Seville European Film Festival
- Location: Seville, Spain
- Founded: 2004
- Most recent: 22nd Seville European Film Festival
- Directors: Manuel Cristóbal
- Website: Official Website

= Seville European Film Festival =

Film festival

The Seville European Film Festival (SEFF; Festival de Cine Europeo de Sevilla) is an annual film festival dedicated to European cinema held in November in Seville, Spain, since 2004.

== History ==

The festival is an initiative of the Instituto de la Cultura y las Artes de Sevilla (ICAS), which depends on the City Council of Seville. It is supported by the ICAA and the sub-programme Europe Creative MEDIA. Since 2013, it collaborates with Filmin.

The SEFF's program includes competition sections for feature films, documentaries, shorts and non-fiction along with special events such as retrospectives, screenings and public talks. The event includes the Independent Film Market. The festival also serves as a staging ground for the announcement of the nominations to the European Film Academy's European Film Awards. The event main venues are Teatro Lope de Vega and Teatro Alameda
Multicines Nervión Plaza.

In 2012, the festival art director Javier Martin Dominguez resigned, he was succeeded by José Luis Cienfuegos. Cienfuegos managed the SEFF until April 2023. His place was given to Tito Rodriguez, but the latter took medical leave, thus just a few days before the opening of the anniversary 20th edition Manuel Cristóbal became the SEFF's new director.

In 2023, the festival introduced Sevilla Cinema Lab, an initiative offering high-level training for cinema professionals.

== Editions ==

The first edition took place on 6–13 November 2004.

The second edition took place in November 2005 under director Antonio Grosso. The main competition program jury was presided by Michael Ballhaus.

The 7th edition took place on 5-13 November, 2010. It included Eurimages Euro co-production section and the Arte Channel Collection.

In 2012, the festival's budget was cut by 30% resulting in the resignation of Javier Martin Dominguez. Taking his place, the new director José Luis Cienfuegos introduced the Greece Focus section.

In 2016, the 13th edition lasted from 4 to 12 November and hosted 27 world premieres. That year the festival inaugurated the Spanish Screenings-Sevilla TV market. Film-opening: Stéphane Brizé's film A Woman's Life.

The 17th edition of the festival was a hybrid one and went partially online.

The 18th edition took place on 5-13 November, 2021, and featured 10 world premieres. It also hosted the 40th anniversary of the Paris-based experimental film institution Light Cone.

The 20th edition took place on 4-12 November, 2022, and featured 222 screenings, 99 Spanish premieres, 38 world premieres and two international premieres. The program also included more than 120 public talks with cinema professionals. Film-opening: Rebecca Zlotowski’s Other People’s Children.

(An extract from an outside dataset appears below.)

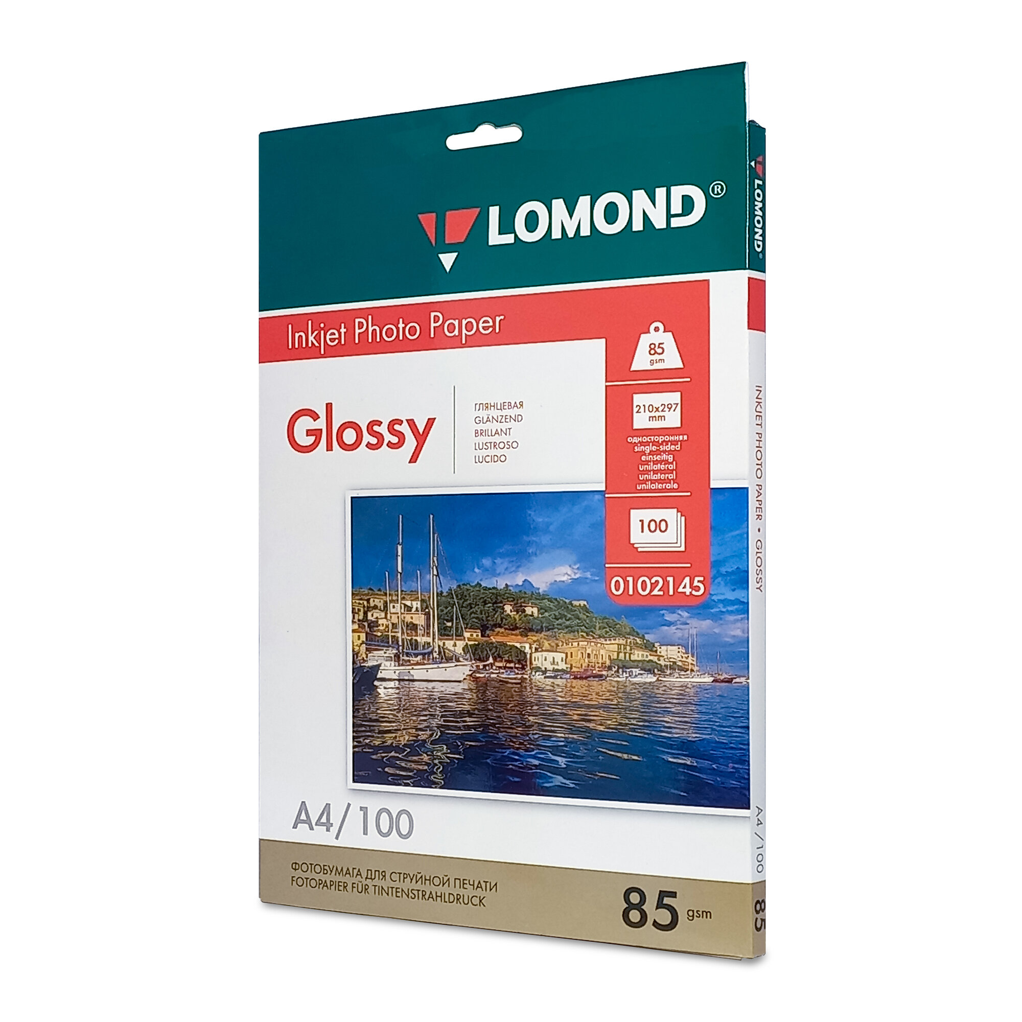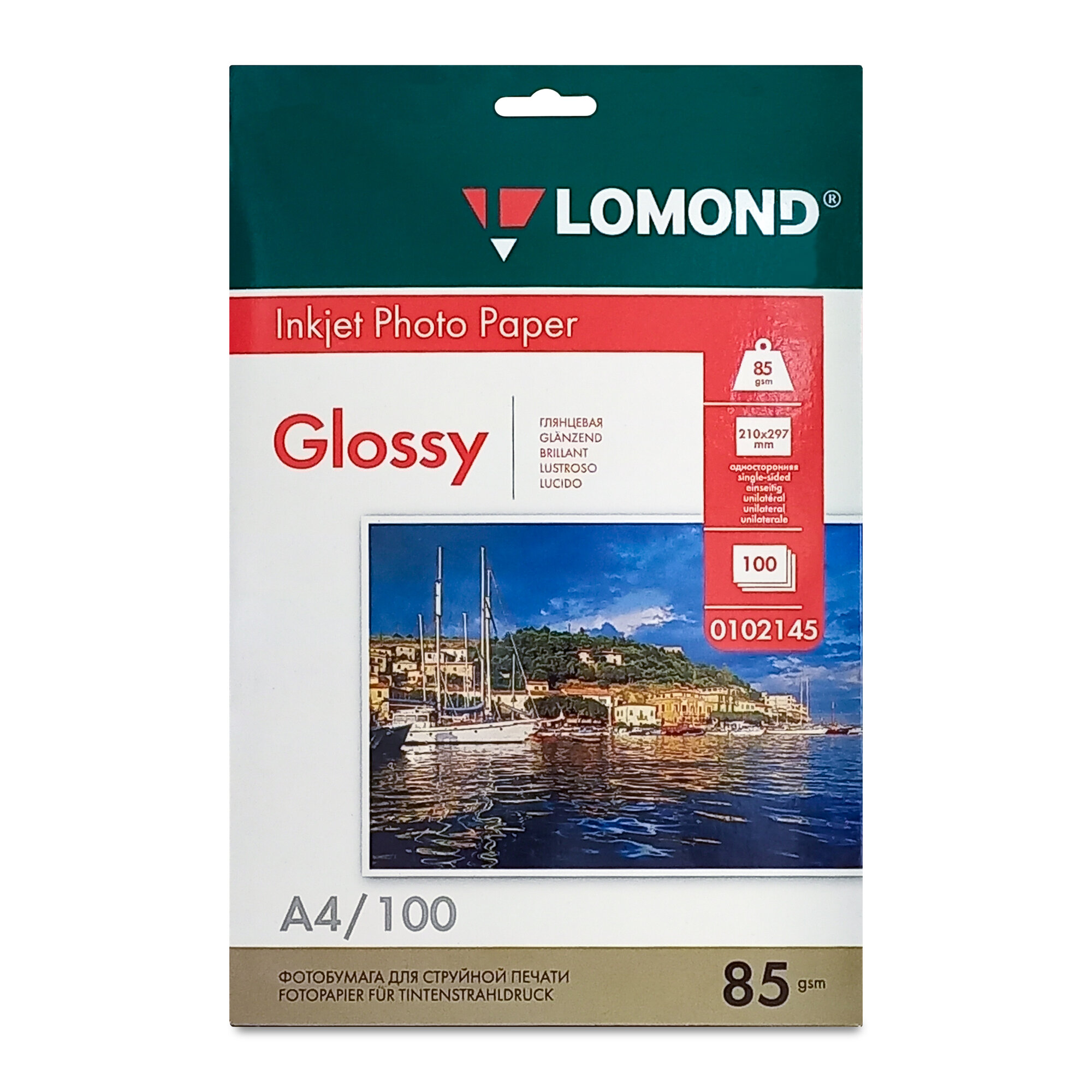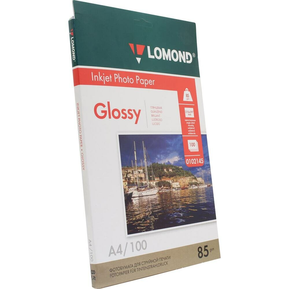 Фотобумага Lomond A4, 85г/м2, 100л, для струйной печати, белый, покрытие глянцевое [0102145]
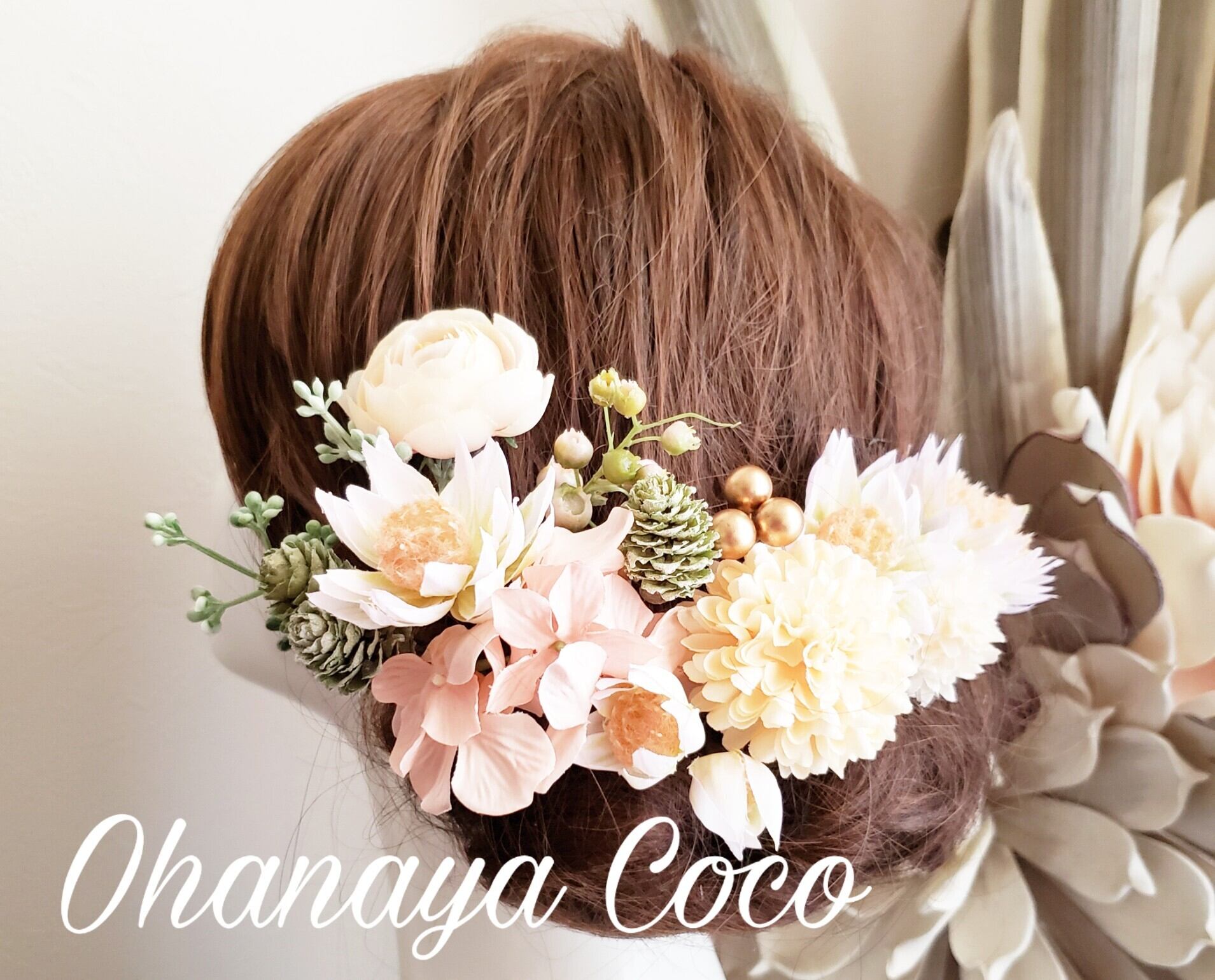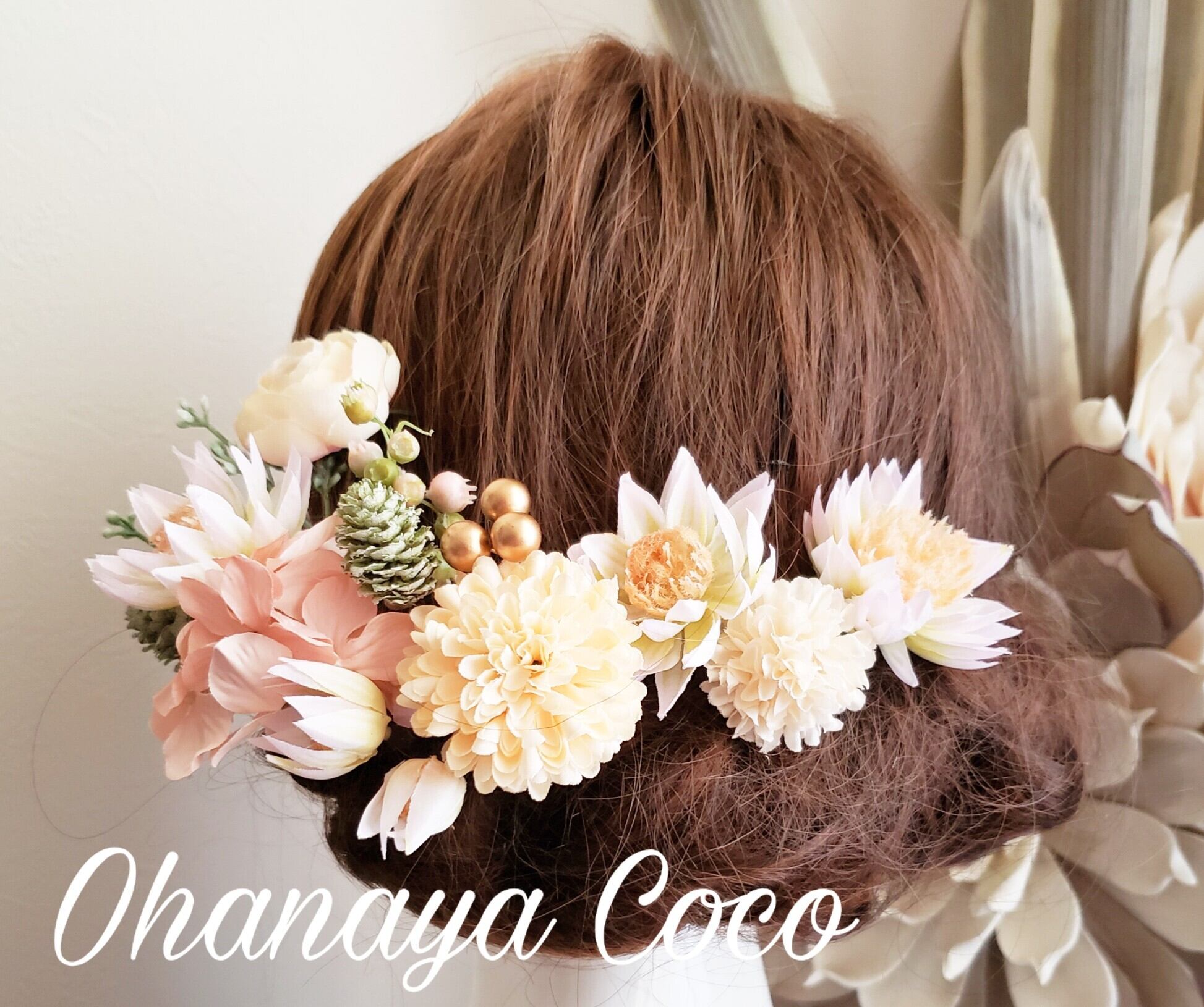 こちらの商品は花funwariくすみピンクとアイボリー系の髪飾り14点Setです。

In August 2023, the new municipal administration decided to postpone the 20th edition, due to be held in early November 2023, to the Spring of 2024, in order to make room for the celebration of the 24th Annual Latin Grammy Awards. Such plans were rolled back days later, with the festival returning to a November 2023 date, but later in the month and featuring a shorter format.

The 2024 edition ran from 8-16 November. Its top film went to And Their Children After Them, with prizes for best animation feature film going to Flow and for best director going to Magnus von Horn for The Girl with the Needle.

== Awards ==

The top prize awarded at the festival is known as the 'Golden Giraldillo' (Giraldillo de Oro).